ドアクローザーに学ぶ

最近、何かと家関係の工作というか補修に手を染めています。特に、ドアクローザーをいじくっているうちにグイッと悟りを開いてしまい、新たに得た知識に興奮して夜も8時間くらいしか寝られません。

ドアクローザーというのは、建物の入口ドアによく付いている部品です。大抵はドアの上部、屋内側に牛乳パックより一回り小さいくらいの箱が取り付けてあり、そこからくの字に伸びる腕がドア枠につながっています。開けたドアをバネの力で勝手に閉じてくれるというのが第一の機能で、また閉じぎわでスピードを落とし、バタンと勢い良く閉まるのを防いでくれます。さらに、多くの場合、開けきったところで保持する機能もあります。

で、このクローザーが壊れていたり、調整が悪い家って結構あります。よりによって防火扉レベルの鉄ドアがすごい勢いで閉まるとか、開けっ放しにしたい機会の多いドアが開けきったところで止まってくれないとか、そういうケースを直しました。作業としては、緩んだネジを締めたり、調整ネジを回したり、要所に油を差したり、油漏れで終わっているクローザー本体を交換したり、という感じでそれほど難しくはありません。

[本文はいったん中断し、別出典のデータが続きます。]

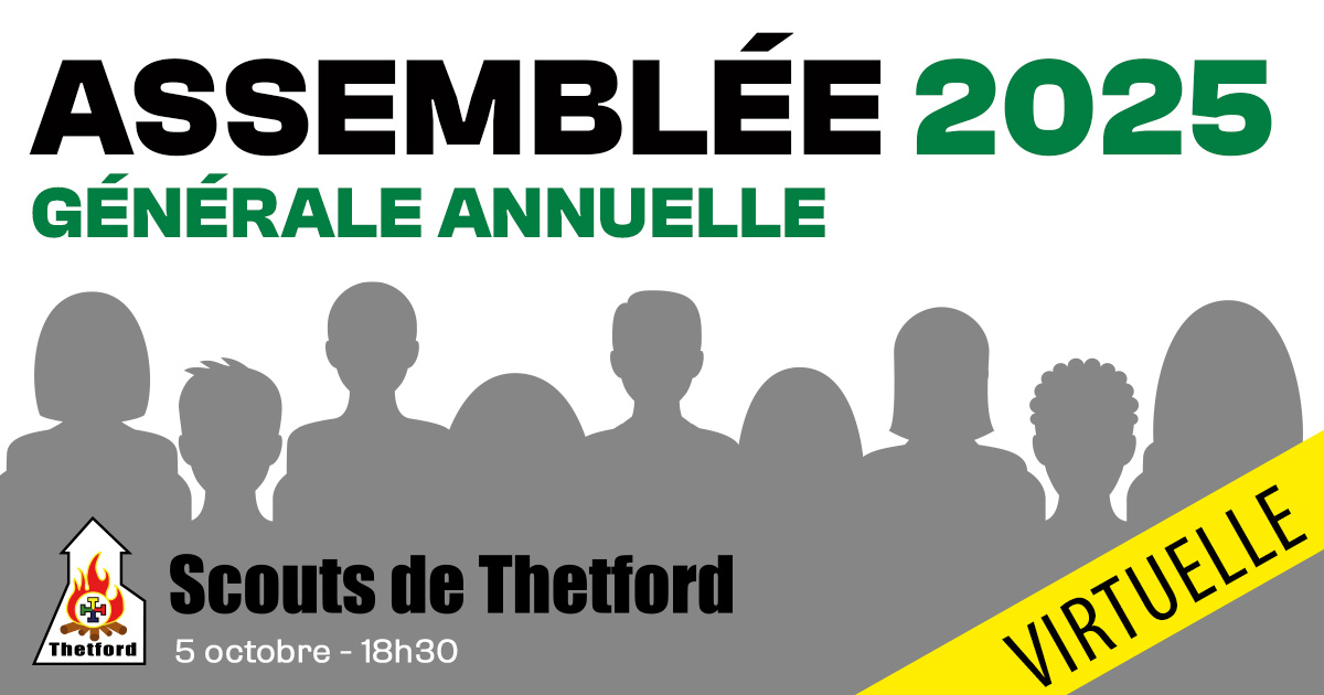 Les Scouts de Thetford invitent tous les membres adultes ainsi que tous les parents des membres jeunes à leur assemblée générale annuelle 2025. L’AGA est une bonne façon pour les parents de se tenir informé des activités générales de tout le mouvement scout à Thetford.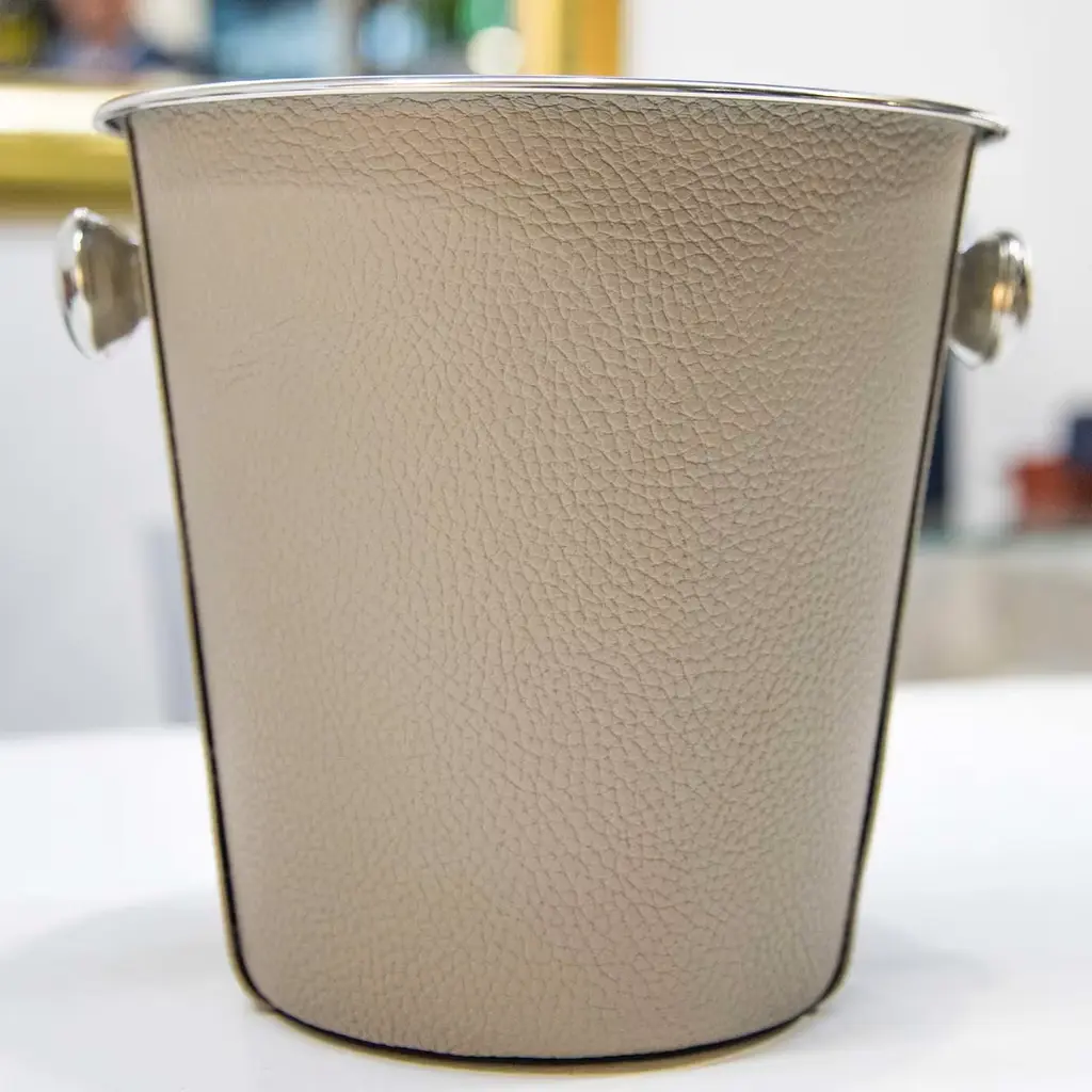 This refined glacette will keep champagne at the perfect temperature and add a vibrant, stylish accent to a formal table setting on special occasions. Handcrafted of stainless steel, its conical shape is wrapped in full grain leather in a neutral sand color whose soft and pebbled texture will suit any interior decor. A must-have accessory in any bar cabinet, this glacette features two round handles in stainless steel with a polished finish. Available in 13 different colors, this is a well-received wedding and housewarming gift for a sophisticated friend.

効果は絶大で、家の猫をドアで真っ二つにする恐怖や、ドアを開け放すのに毎回つっかい棒や重石を持ち出す不便から開放され、快適な日々が約束されます。ま、快適になったらなったで、不便だったことなんてみんな忘れるんですけどね。

そこで私は思うわけです。なぜ、ほんの少しの手間で解決できる問題が放置されていたのでしょう。なぜ、論理的に考えればたどり着ける原因究明を、まるごと未解決ボックスにうっちゃっておいたのでしょう。もったいない。ちょっと背伸びをすれば自分のものになる知識や技術と、それによって得られる合理的で快適な結果に触れずに生きていくなんて、実にもったいない。

そして私は気づくわけです。今回見つけたドアクローザーの真実は、たまたま私が手を伸ばしたから届いただけなのだと。多くの人にとってのドアクローザーのように、私の視界に入らないことなんて本当にいくらでもあるのだと。それは例えば料理や食器洗いのコツみたいなことかもしれないし、保険の選び方かもしれないし、携帯電話の使い方かもしれないけど、多分もっと私の守備範囲外にこそ山のように転がっているのだろうと。

私は祈ります。次なるドアクローザーが私の前に立ち現れたとき、好奇心と探究心をもってそれを自分の血肉にできますように。未知の課題を、既知の事象の集合体としてとらえる能力を得られますように。そして、今回直したドアがすぐまた壊れたりしませんように。